As a doctor schooled to some degree in science, I believed (and still do) that decoding the human genome might be the most important milestone in the history of medical science. To borrow Mr. Clinton's metaphor, the full genome offers researchers the sequence of all the letters of the human book of life, a monumental resource despite our imperfect understanding of the book's overarching, mind-boggling complexity. As decoding gathers speed, it promises to change just about everything we know about medicine in the form of understanding, prediction, prevention, diagnosis and the treatment of disease. And in so doing, it also offers us a remarkable opportunity to solve the huge and nettlesome problem of paying for health care in the United States.

Public skepticism of such grandiose statements is understandable. After all, you might say: "Where are all the touted breakthroughs, the miracle drugs and diagnostic tests, predicted five years ago? Finding out that humans have about the same number and some of the same genes as a worm may be interesting to somebody, but it's hardly a health care revolution, much less worth the more than $3 billion that have so far been spent on decoding."

Well, the drugs are not here yet, although they are on the horizon. But that doesn't diminish the broader fact that the rapidly developing fields of genomics and bioinformatics hold enormous promise. In simple terms, genomics is the study of the flow of information in a cell orchestrated by the genome, while bioinformatics is the application of computers to make sense of the enormous amount of data coming from genomics.

Knowledge of the genome has greatly improved our ability to predict an individual's predilection for a host of diseases. Thousands upon thousands of markers have been identified throughout the genome and linked to particular mutated, deleterious genes associated with specific medical problems. The presence of these markers can be determined by placing a single drop of blood onto a particular type of slide called a microarray. Microarrays, in turn, are read automatically by laser scanners and the results, thanks to bioinformatics, can be analyzed instantly by computers armed with appropriate software and statistical data.

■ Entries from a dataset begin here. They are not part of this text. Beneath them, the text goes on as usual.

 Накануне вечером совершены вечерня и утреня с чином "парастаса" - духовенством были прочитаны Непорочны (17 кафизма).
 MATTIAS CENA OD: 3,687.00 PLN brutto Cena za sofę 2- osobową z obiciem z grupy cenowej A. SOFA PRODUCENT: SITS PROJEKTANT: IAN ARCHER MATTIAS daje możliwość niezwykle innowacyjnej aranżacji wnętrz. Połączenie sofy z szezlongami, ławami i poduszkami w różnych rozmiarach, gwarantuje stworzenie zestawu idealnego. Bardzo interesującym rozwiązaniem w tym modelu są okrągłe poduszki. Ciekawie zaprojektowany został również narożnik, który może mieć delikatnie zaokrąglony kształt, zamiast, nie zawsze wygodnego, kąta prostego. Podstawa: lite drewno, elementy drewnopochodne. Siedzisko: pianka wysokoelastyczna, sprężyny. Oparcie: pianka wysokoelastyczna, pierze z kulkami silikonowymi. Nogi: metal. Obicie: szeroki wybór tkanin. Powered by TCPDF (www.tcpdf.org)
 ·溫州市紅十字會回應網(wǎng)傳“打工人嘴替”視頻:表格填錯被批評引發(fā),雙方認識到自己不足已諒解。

The importance of a rapid increase in prognostic ability is underlined by the growing understanding that every disease has a greater or lesser genetic component. Patients can now avail themselves of preventive measures or treatment even before symptoms occur. But there is a down side. First of all, we can predict more and more diseases that are associated with progressive disability and death and which have, as of yet, no treatment. Finding a marker linked to such an illness is thus the cruel equivalent of an extended death sentence. Understandably many people would not want such a test and would hardly classify having one as a positive health care breakthrough.

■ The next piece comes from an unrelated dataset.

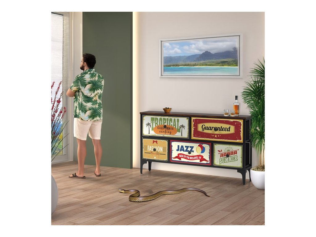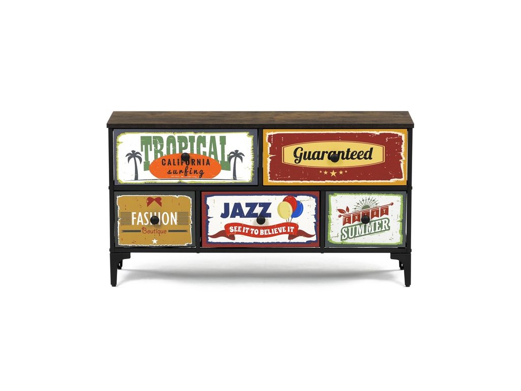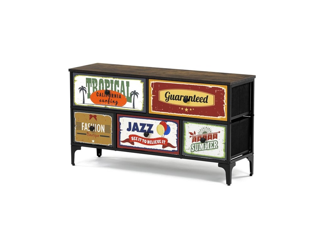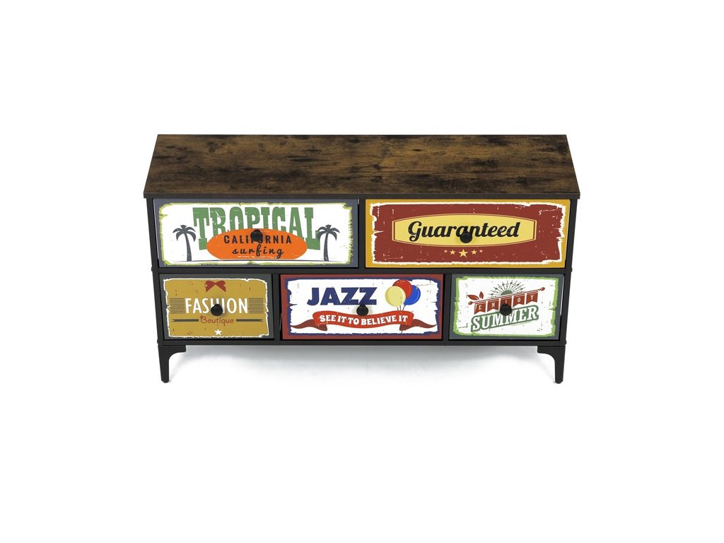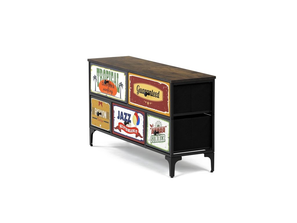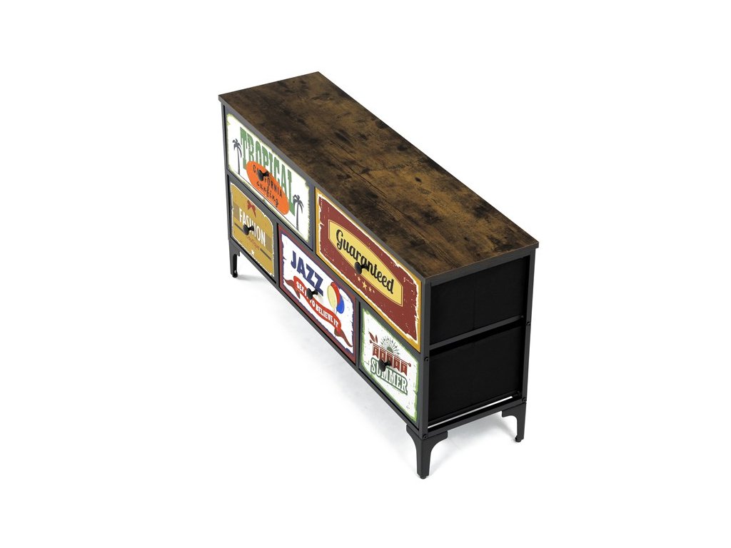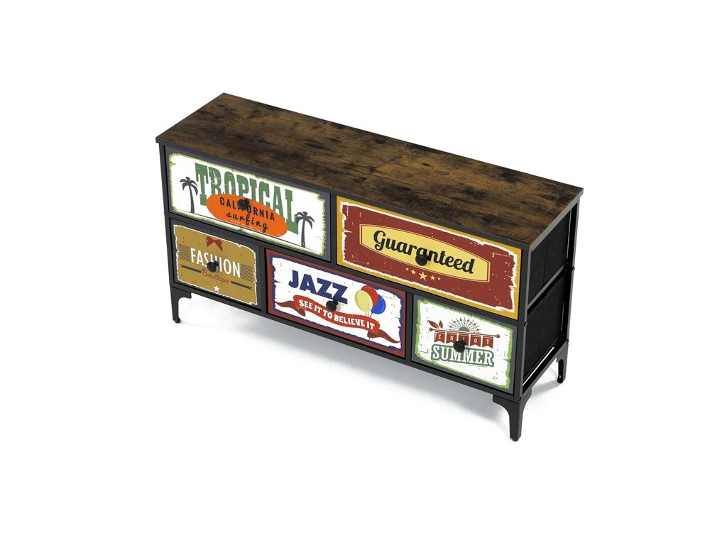Retro komoda prinesie do vášho interiéru osobitosť a dávku nostalgie. Farebné čelá zásuviek s vintage potlačou „Tropical“, „Jazz“, „Summer“ či „Guaranteed“ evokujú atmosféru amerických barov a plážových klubov.Pevná kovová konštrukcia v čiernom prevedení v kombinácii s doskou v dekore starého dreva vytvára harmonické spojenie retra a industriálneho štýlu. Zásuvky z netkanej textílie s výplňou HDF sú ľahké, no odolné a ľahko sa s nimi manipuluje.

Another, and possibly more important, negative consequence of this new ability to predict illness is the potential for discrimination in one form or another if confidential health information is released. Unfortunately the chances of such a breach of privacy occurring, despite lip service by politicians to prevent it legislatively, are probably inevitable. Not only is microarray technology easily accessible, but for-profit private insurance companies have strong incentives to use it to protect their bottom lines by denying service, claims or even coverage.

Forum: Op-Ed Contributors
It is precisely this danger, however, that may lead to a great breakthrough: the inevitable movement to universal health care. In this dawning era of genomic medicine, the result may be that the concept of private health insurance, which is based on actuarially pooling risk within specified, fragmented groups, will become obsolete since risk cannot be pooled if it can be determined for individual policyholders. Genetically determined predilection for disease will become the modern equivalent of the "pre-existing condition" that private insurers have stringently avoided.

As a doctor I have always been against health insurance except for catastrophic care and for the very poor. It has been my experience that the doctor-patient relationship is the most personal and rewarding for both the patient and the doctor when a clear, direct fiduciary relationship exists. In such a circumstance, both individuals value the encounter more, which invariably leads to more time, more attention to potentially important details, and a higher level of patient compliance and satisfaction - all of which invariably result in a better outcome.

But with the end of pooling risk within defined groups, there is only one solution to the problem of paying for health care in the United States: to pool risk for the entire nation. (Under the rubric of health care I mean a comprehensive package that includes preventive care, acute care and catastrophic care.) Although I never thought I'd advocate a
government-sponsored, obviously non-profit, tax-supported, universal access, single-payer plan, I've changed my mind: the sooner we move to such a system, the better off we will be. Only with universal health care will we
be able to pool risk for the entire country and share what nature has dealt us; only then will there be no motivation for anyone or any organization to ferret out an individual's confidential, genetic makeup.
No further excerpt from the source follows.